Elon Musk was not on the ballot on Election Day. But on Thursday evening shareholders of Musk-backed Tesla Motors (TSLA) and SolarCity (SCTY) will cast a vote that can be seen as a referendum on the entrepreneur's grand vision of a green future.
Tesla's $2.6 billion offer for SolarCity has been controversial from the start, and shareholders confused about which way to vote got little help when proxy advisory firms Institutional Shareholder Services and Glass Lewis & Co. offered differing opinions on whether the deal should be approved.
The plan to combine an electric car manufacturer and a solar panel firm offers little in the way of near-term synergies, and given SolarCity's inability to turn a profit in recent quarters and its rising debtload there is considerable risk to Tesla's oversized ambitions should the merger close. Oppenheimer analysts have estimated the combined company could need to raise more than $12 billion by the end of 2018 to fund all of the announced plans of both Tesla and SolarCity.
Critics also complain that SolarCity used one-time maneuvers including adding years to the estimated useful life of their systems, thus reducing near-term depreciation expense, to make its recently-completed third quarter appear better than it was ahead of the vote.

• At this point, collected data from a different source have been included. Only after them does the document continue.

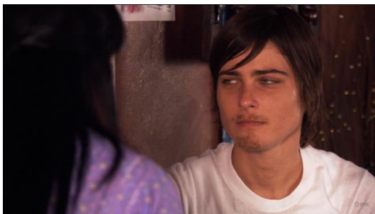
Figura 64. The L Word (2004-2009) – excerto 11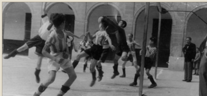
I-77/7. Un partit de futbol al pati dels homes

Quan una persona era admesa a l'asil, era obligada a banyar-se i, en el cas dels homes, a rapar-se el cabell. Els residents s'havien de despertar a les set (set i mitja a l'hivern), oir missa i treballar als tallers o anar a classe. L'edifici disposava de tallers de sabateria, fusteria o impremta i escola de nins i de nines.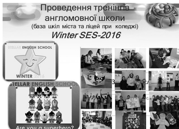
➔ Рис. 6. Проведення тренінгів

Arguing against that criticism is a fundamental belief in Musk, the PayPal co-founder with a Tony Stark-like persona dabbling in everything from artificial intelligence to putting humans on Mars in addition to serving as CEO of Tesla and chairman of SolarCity. Musk sees the deal as the beginning of a vertically-integrated green energy powerhouse, a one-stop shop where an environmentally-conscious consumer will one day be able to buy panels to generate energy, battery systems to store it and gear including electric cars to use it.

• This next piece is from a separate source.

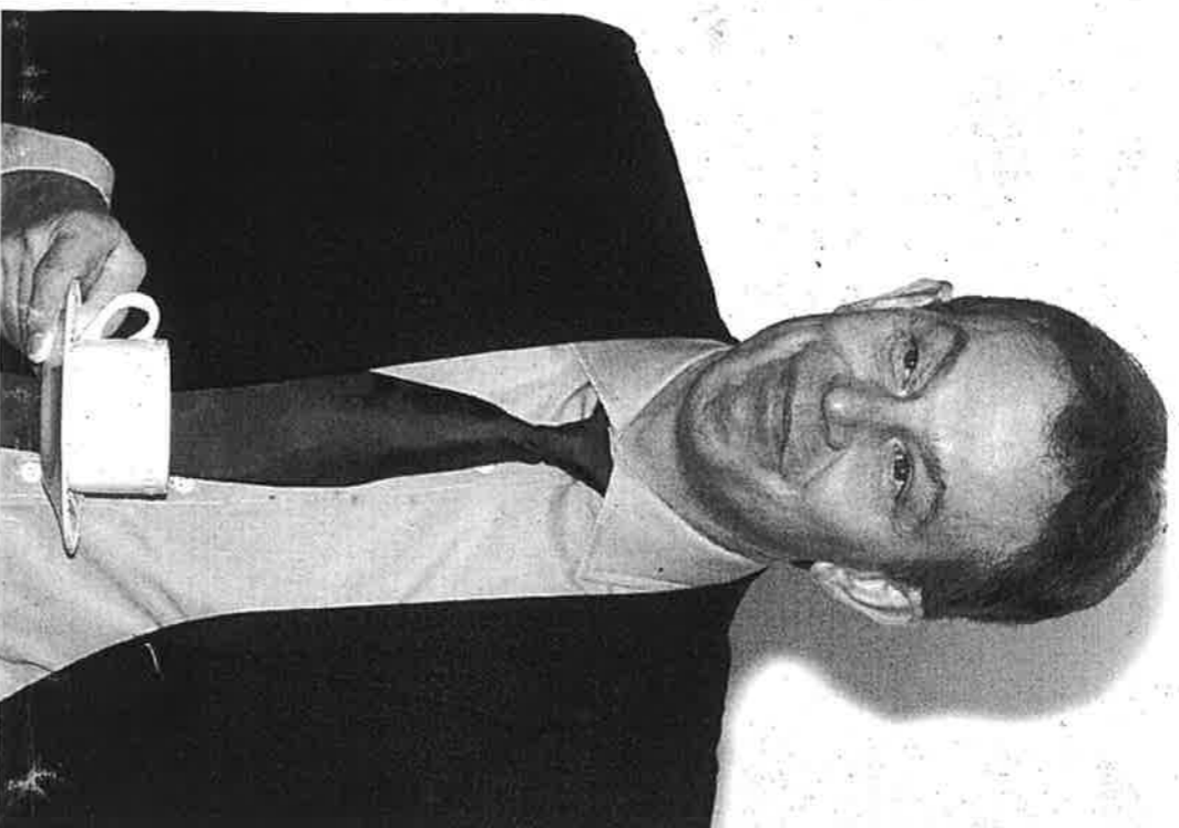
TONY BLAIR Erresuma Batuko lehen ministroa.

Banaketa hesiak gero eta ghetto handiagoetan sartuko ditu palestinarrok; haien ekonomia eta bizibaldintzak gehiago estutuko ditu. Kortan usteltzen utziko ditu. Banaketa hesia sionismoaren porrotaren adierazgarria da, eta ez du konponduko auzia; ez ditu hobetuko israeldarren eta arabiarren arteko harremanak. Aste honetan israeldarrek Ramalan egindakoak are gehiago okertu du giroa. Hor ere nagusiatzen indarra erabili du Israelrek. Far Westeko film batean balitz bezala, ia 9 milioi euro lapurtu ditu Armadak hango banketxe-tatik, dirutza hori ekintzaille palestinarentzat zela argudiatuta. Soldaduek banketxeetan sartu dira, kamerak zakuakin estali, eta lanari ekin. Guztira lau lekutan izan dira lapurretak: Arab Bank-eko bi sukurtzaletan, Cairo Amman Bank-en eta International Palestine Bank-en. Palestina-ko lehen ministro Ahmed Kureiak mafiaren jarduerekin konparatu du israeldarren jokoa. Dena terrorismoari aurre egiteko izan da, antza. Munduan inork ez du ezer esan; badirudi legezkoa dela. Manhattango

Musk has called it "an accident of history" that the two companies were formed separately, arguing at the time the deal was announced that combined they would be able to pursue large corporate contracts that were "getting clunkier and clunkier" to do as joint ventures. The deal, in his mind, is a "no-brainer."

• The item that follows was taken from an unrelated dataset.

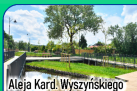
Aleja Kard. Wyszyńskiego

Wyspa Łąbedzią to dzisiaj miejsce spacerów i rekreacji dla całych rodzin. Tutaj zlokalizowane są taweczki, plac zabaw dla dzieci i wypożyczalnia sprzętu wodnego.

Tesla has a stronger brand than SolarCity and an extremely loyal customer base to sell to, and should be able to cut upwards of $150 million in duplicate costs. It also has a stronger balance sheet for SolarCity to borrow off of, and a network of retail locations to display roof panels in.
Shares of Tesla, priced at more than 50 times forward earnings projections and with a market cap more than double that of Fiat Chrysler Automobiles (FCAU) despite only registering a fraction of the global sales, have always traded more on Musk's long-term vision than on the current reality. And the betting is that Tesla's mostly institutional shareholder base will back the SolarCity deal based on their support of Musk's plan.
The spread on the deal - the gap between SolarCity's share price and the value of Tesla's offer - has come down considerably of late, implying that merger arbitrageurs are betting the deal goes through. Axiom Capital Management analyst Gordon L. Johnson II, a critic of SolarCity, in a note Wednesday upped his odds that the deal goes through from 50/50 to 70/30.
If one argument for approval is that investors believe in Musk, another is that they are afraid of appearing not to believe in him. Institutional Shareholder Services, the proxy firm that recommended in favor of the deal, in a report obtained by The Deal, a sister publication of TheStreet, cited among its reasons that "some investors raised the issue of the intangible risk posed by a vote of no confidence on a visionary leader."
Tesla's valuation is based in investor confidence that its vision for the future will eventually become a reality. Whatever the risk that comes with buying SolarCity, it seems unlikely that shareholders would rebuke the architect of that vision.